The delay can occur even when storing the data on the primary shard. Depending on the size of your indices, they may slow down bulk operations considerably. You might also want to have a look at the replication.secondaryIndexPrefetch config option.
Another thing might be that your oplog simply gets filled faster than the replication can take place. Problem here: once it is created, you can not increase it's size. I am not sure wether it is safe to delete and recreate it in standalone mode and then reshare the replica set, but I doubt it. So the safe option would be to have the instance actually leave the replica set, reinstall it with a more appropriate oplog size and add the instance to the replica set as if it were the first time. If you don't care for the data, simply shut the replica set down, adjust the oplog size in the config file, delete the data dir and restart and reinitialize the replica set. Thinking of your problem twice, this sounds like the best bet to me, since the opllog isn't involved in standalone mode, iirc.
If you still have the same performance issues, my bet is on problems with disk or network IO.
You have a fairly standard setup, your mongos instance is running on a different machine than your mongod (be it a standalone or the primary of a replica set). You might want to check a few things:
Name resolution latency for resolving the name of your primary and secondary shards from the machine running your mongos instance. I can not count the times installing nscd improved performance for various operations.
network latency from your mongos instance to your primary shard. Assuming you have a firewall between your AppServer and your cluster, you might want to talk to the respective administrator.
In case you are using external authentication, try to measure how long it takes.
When using some sort of tunneling (e.g. stunnel or encryption like SSL/TLS), make sure you disable name resolution.

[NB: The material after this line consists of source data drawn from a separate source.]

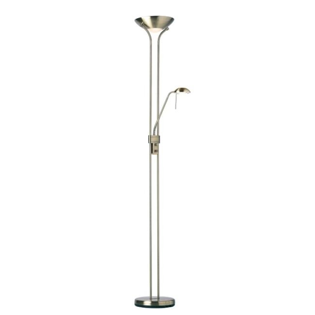 A tall 2 light floor lamp with a double stand supporting an uplighter as well as an adjustable branch holding a reading lamp. Has a satin brass finish and is complete with a double rotary dimmer switch. Other colour options available
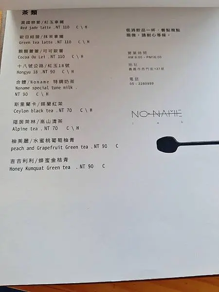 Nonamelab 菜單(拍攝日期:2020.09.20)
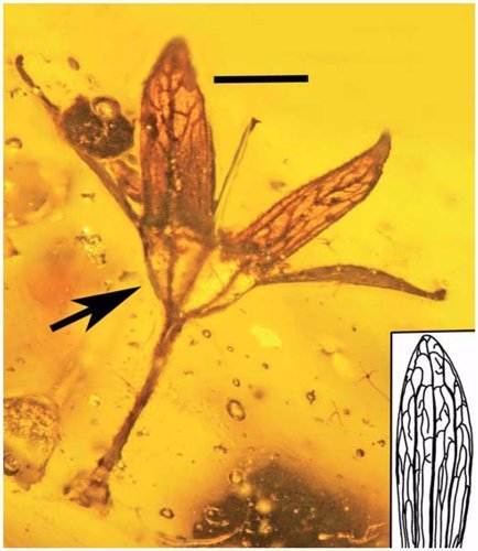 Американські дослідники з Університету Орегон знайшли унікальні квіти у шматкові бурштину. Вік рослини – приблизно 100 мільйонів років.
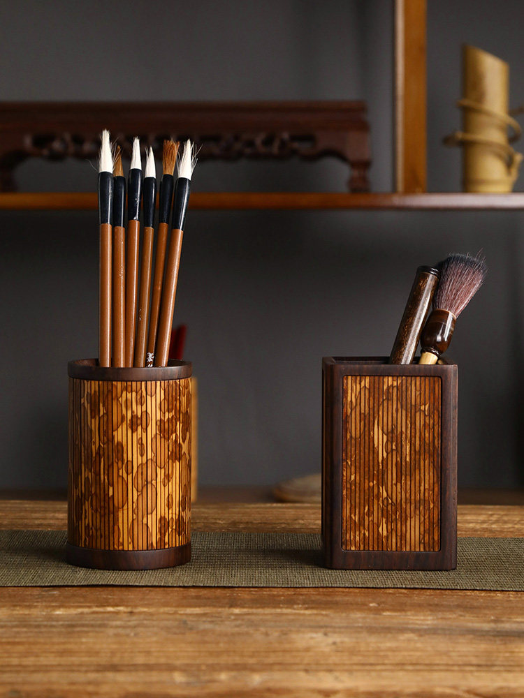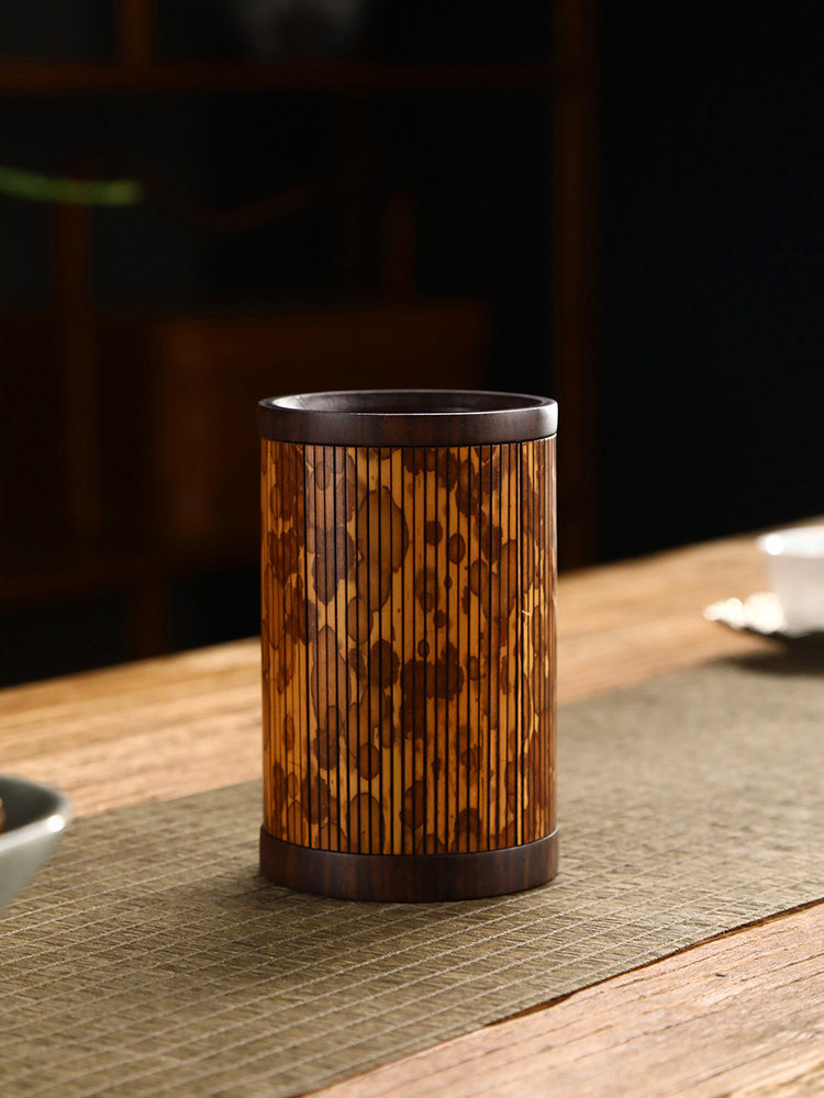 湘妃竹笔筒黑檀茶筒竹制文房书房茶室收纳筒中式复古茶道六君子
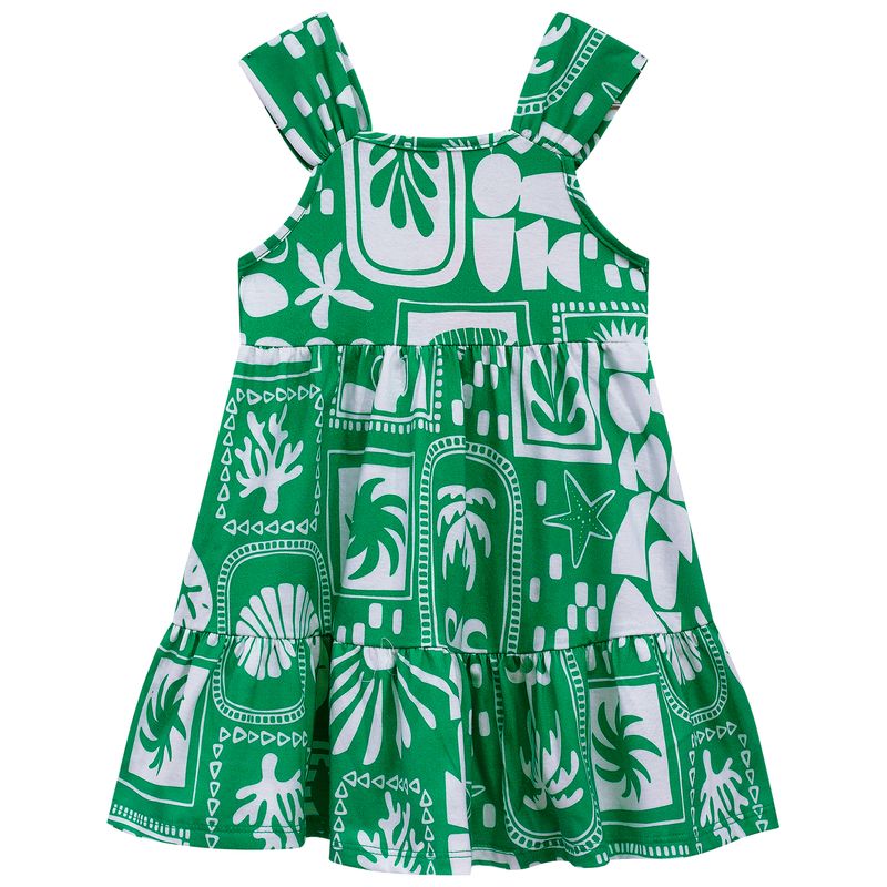 Vestido Feminino Infantil da Nanai, disponível nos tamanhos 4 ao 8. Com um vibrante tom de verde e um delicado estampa tropical em branco e verde, este vestido é perfeito para ocasiões especiais ou para um dia divertido no parque. Confeccionado com materiais de alta qualidade, ele proporciona conforto e liberdade de movimento, permitindo que sua pequena brilhe com estilo e elegância.
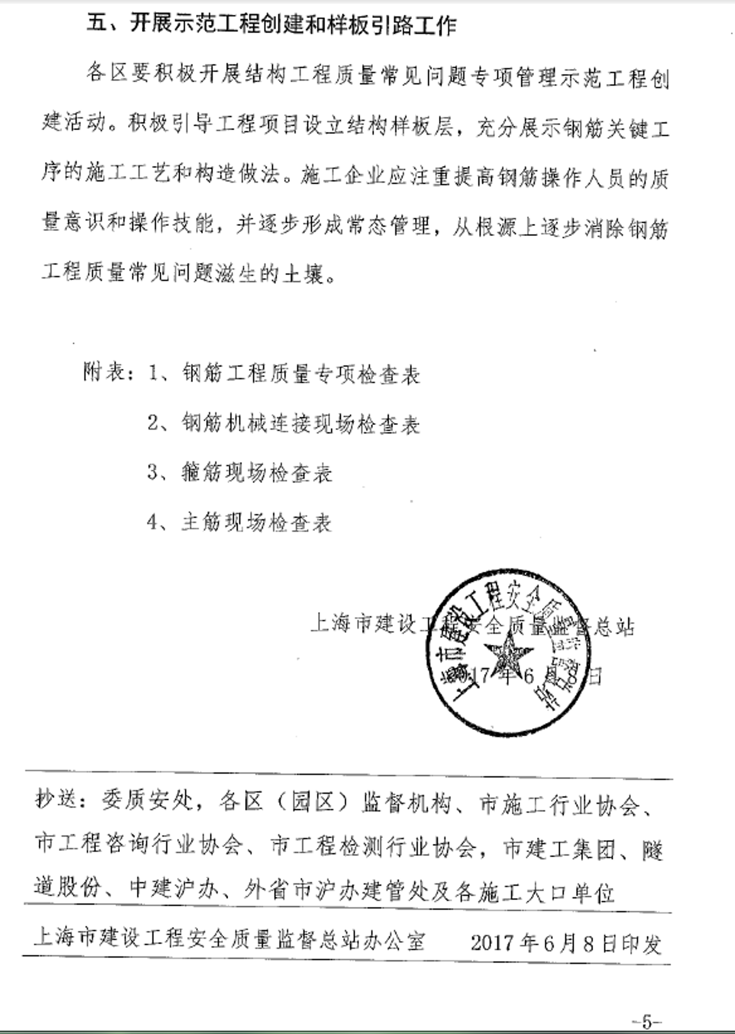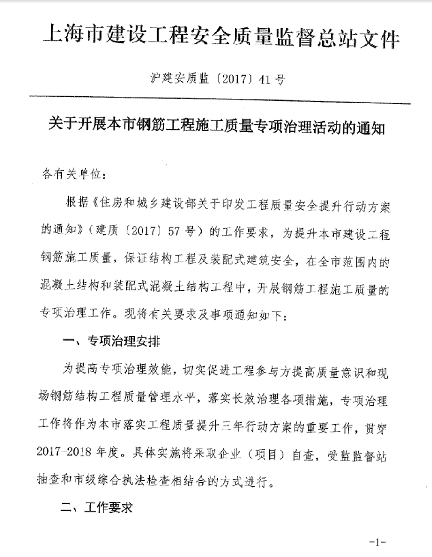 [市质监总站]关于开展本市钢筋工程施工质量专项治理活动的通知【沪建安质监[2017]41号】
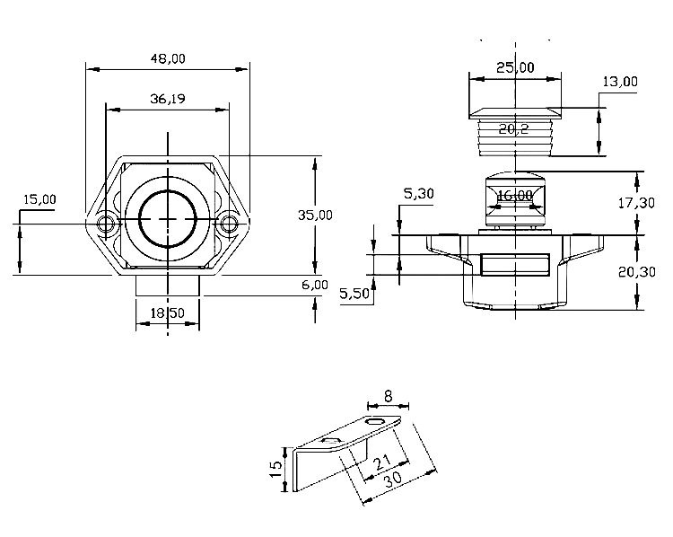 5. Size: 52.5 x 48 x 21mm; Hole diameter: 20mm; suitable thickness: 15-25mm
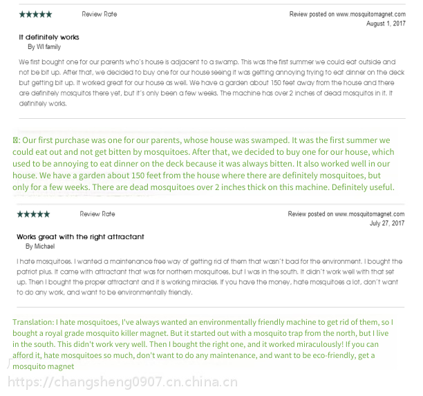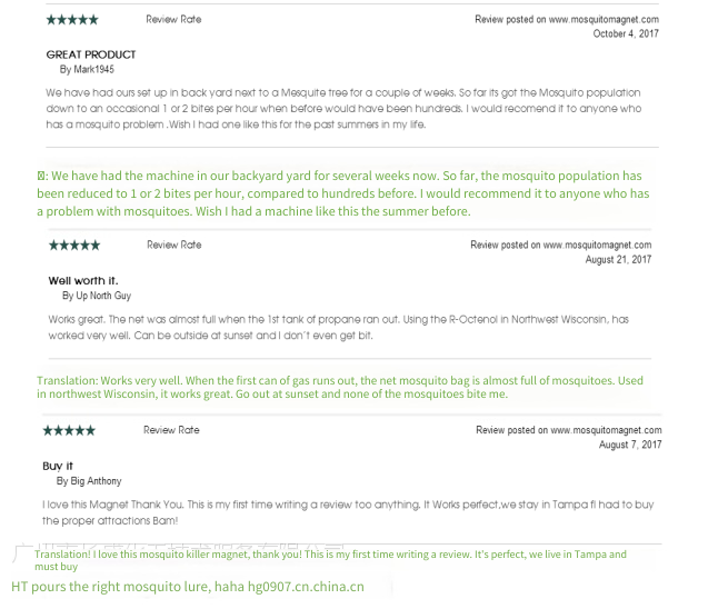 Answer: Using it continuously for 1 month can significantly reduce the number of mosquitoes. Using it for 2 to 3 months can interrupt the mosquito breeding cycle, making the living environment free from mosquito bites. (Note: "Free from mosquito bites" does not mean completely mosquito - free. Because the Mosquito Magnet specifically kills female mosquitoes that bite and suck blood, and does not catch male mosquitoes that live on flower juice, dew, etc.)
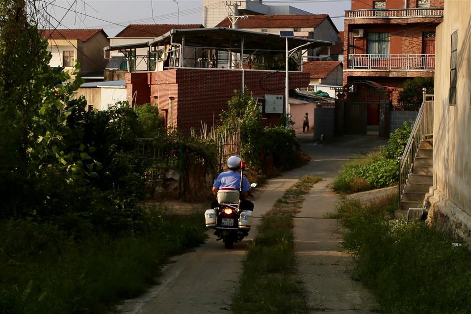 而在新洲区的村湾里,40辆新配发的警用摩托车,成了巡中快反的“利器”。9月17日上午,凤凰镇李家岗村的小路上,两侧的树林枝叶繁茂,穿过林间时,叶子簌簌作响。村民李先生正和光伏业务员小雷吵得不可开交:“光伏板装在我家院子里,凭啥不归我?”“合同里写了维护归我们,你不能自己拆!”

Please keep in mind that encrypting and decrypting may take a relatively long time.
Measure random disk IO on the mongod instances

I was facing a similar performance issue. What helped to solve the performance issue was I ended up setting the mongod instance that was running on the same host as the mongos as the primary shard.
using the following command:
mongos> use admin
mongos> db.runCommand( { movePrimary: "mydb", to: "shard0003" } )
After making this change (without touching the load balancer or tweaking anything else), I was able to load a relatively large dataset (25 million rows) using a loader I had written, and the entire procedure took about 15 minutes instead of hours/days.

Related

Is there someway to make distributed table still work for query when one of the shard servers down?

There is a common case that we will update the clickhouse's config which must restart clickhouse to take effect. And during the restarting, the query services depend on clickhouse's distributed table will return the exception due to disconnecting with the restarting server.
So,as the title says, what I want is the way to make distributed table still work for query when one of the shard server down. Thanks.
I see two ways:
Since this server failure is transient, you can refactor your server-side code by adding retry-policy to your request (for c# I would recommend use Polly)
Use the proxy (load-balancer) to CH (for example chproxy).
UPDATE
When one node is restarting in a cluster the distributed table created over replicated tables should be accessible (of course request shouldn't be sent to restarted node).
Availability of data is achieved by using replication, therefore, you need to create Replicated*-tables over materialized view and then create Distributed-tables over Replicated*-tables.
Please look at the articles CH Data Distribution, Distributed vs Shard vs Replicated..
and as a working example (it is not your case) to CH Circular cluster topology.

Redis memory usage issue

I have a cluster with two Redis docker instances (v3.2.5) I use for caching responses from Spring boot microservices.
I've disabled all persistence and the number of keys is stable over time, all of them expiring between 5 minutes and 1 day.
Despite this, I can see the memory usage creeping up. It looks like once a day (around midnight) it uses a lot of memory and then releases some of it.
Does anyone have any idea what this process may be, if there's any way to configure Redis to avoid using that much memory?
The number of keys I have doesn't justify this amount of memory
UPDATE
After taking a snapshot of the database and loading the data on a fresh new Redis instance (same version, same config) the memory_used_human is 10 times lower than the original one.
Is it possible that key expiration doesn't really delete keys from memory?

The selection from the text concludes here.